Feature Request: Support Lambert W x F distributions #55

gmgeorg · 2023-09-04T14:22:26Z

gmgeorg
Sep 4, 2023

It would be great if XGBoostLSS can support Lambert W x F distributions; particularly useful are Lambert W x Gaussian distributions (Tukey's h is a special case of this for $\alpha=1$ and $h = \delta$) as they can be used to transform data to normally distributed data, even if original data is (very) heavy tailed.

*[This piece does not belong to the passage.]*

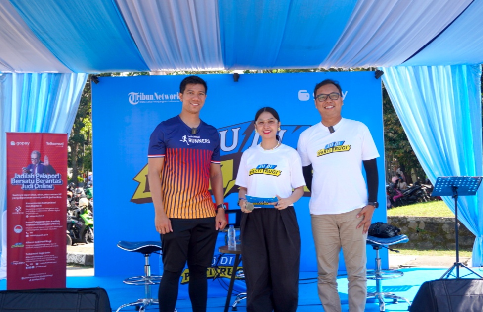 Di Bandung, kampanye ‘Judi Pasti Rugi’ hadir di Arcamanik Sport Center, Minggu (20/7) menghadirkan olahraga pagi, mobil edukasi bahaya judi online, fasilitas konseling, serta sesi edukasi untuk mencegah jerat judi online.

In XGBoostLSS context I can see this being useful any time where normal regression might be too restrictive to give correct tail probability estimates (e.g., low sample size; financial data) and one can inspect $\delta$ predictions from XGBoostLSS for which parts of space have long/heavy tail (more uncertainty) than others. Secondly, skewed/heavy-tail Lambert W x gamma distributions are useful to impose heavier right tail for survival like problems.

I'm not aware of a pytorch implementation of Lambert W function, let alone Lambert W x F distributions. TensorFlow has both implemented; scipy.special.lambertw implements the Lambert W function.

If a pytorch implementation of the distribution is required to make this work in XGBoostLSS, then as an alternative AFAICT this should be possible to accomplish using normalizing flows, with the heavy-tail Lambert W transformation as a specific normalizing flow function.

References

heavy-tail Lambert W x F distributions (Goerg, 2015)
LambertW R package: https://github.com/gmgeorg/LambertW
TensorFlow probability implementation of Lambert W bijectors and Lambert W x Gaussian Distribution
gaussianization layers based on Lambert W x F transformations/distributions: https://openreview.net/forum?id=OXP9Ns0gnIq

StatMixedML · 2023-09-04T16:55:31Z

StatMixedML
Sep 4, 2023
Maintainer

@gmgeorg Thanks for pointing me to the Lambert W x F family of distributions. I haven't been aware of them as of now.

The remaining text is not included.